→ **Data to use**
********
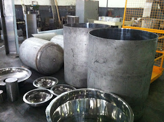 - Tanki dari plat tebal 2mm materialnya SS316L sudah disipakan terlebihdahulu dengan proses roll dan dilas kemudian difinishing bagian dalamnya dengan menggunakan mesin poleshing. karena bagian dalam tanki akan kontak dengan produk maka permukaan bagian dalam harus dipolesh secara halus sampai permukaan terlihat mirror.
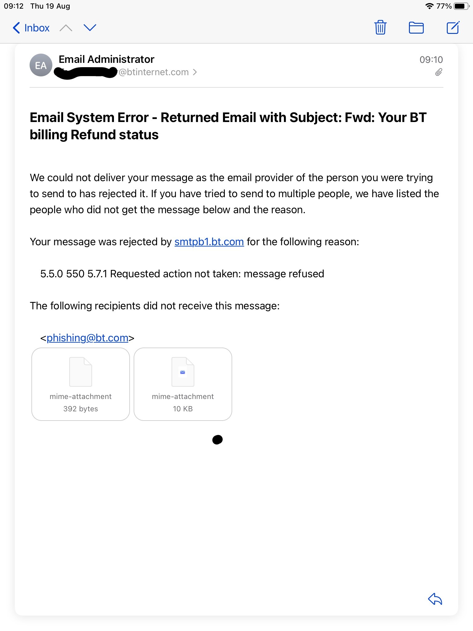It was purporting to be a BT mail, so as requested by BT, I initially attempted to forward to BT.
********
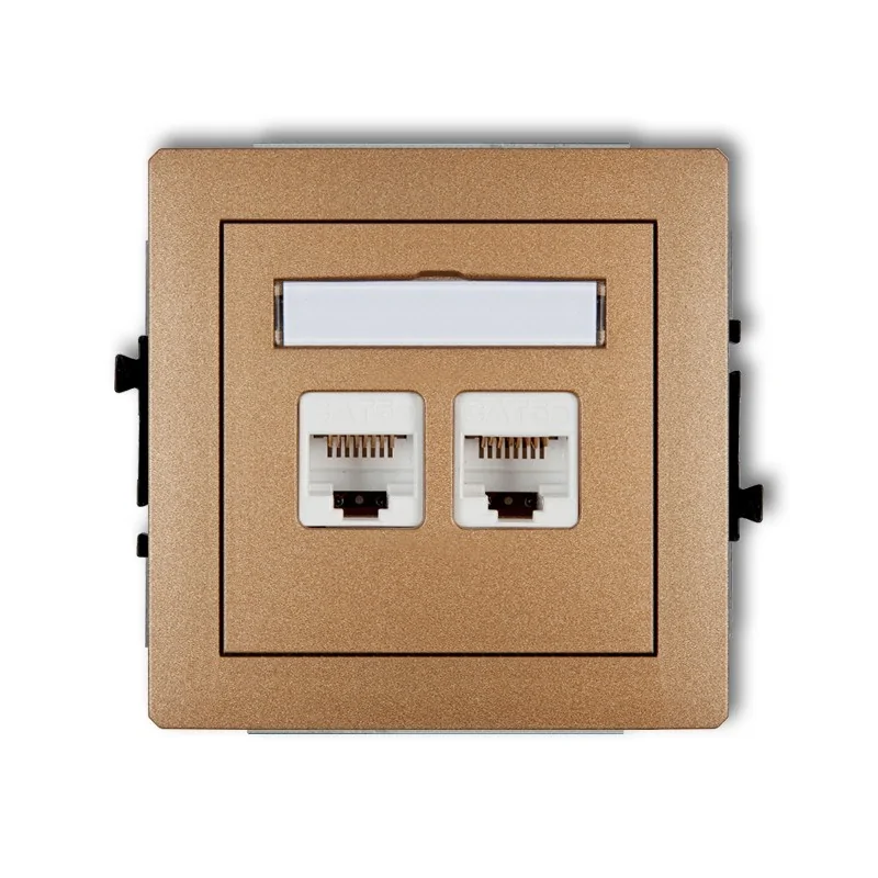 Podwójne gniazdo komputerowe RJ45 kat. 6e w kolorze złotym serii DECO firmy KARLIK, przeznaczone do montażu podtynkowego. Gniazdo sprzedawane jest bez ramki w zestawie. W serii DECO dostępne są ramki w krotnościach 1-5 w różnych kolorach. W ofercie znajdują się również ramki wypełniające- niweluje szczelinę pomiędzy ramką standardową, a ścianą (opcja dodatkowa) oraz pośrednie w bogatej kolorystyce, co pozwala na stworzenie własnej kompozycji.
********
→ **Task requirements**
The answer must be the lines above from the one containing "- Tanki dari" through the one containing "It was purporting", reproduced exactly, with no pictures and nothing else.

→ **Your response**
 - Tanki dari plat tebal 2mm materialnya SS316L sudah disipakan terlebihdahulu dengan proses roll dan dilas kemudian difinishing bagian dalamnya dengan menggunakan mesin poleshing. karena bagian dalam tanki akan kontak dengan produk maka permukaan bagian dalam harus dipolesh secara halus sampai permukaan terlihat mirror.
It was purporting to be a BT mail, so as requested by BT, I initially attempted to forward to BT.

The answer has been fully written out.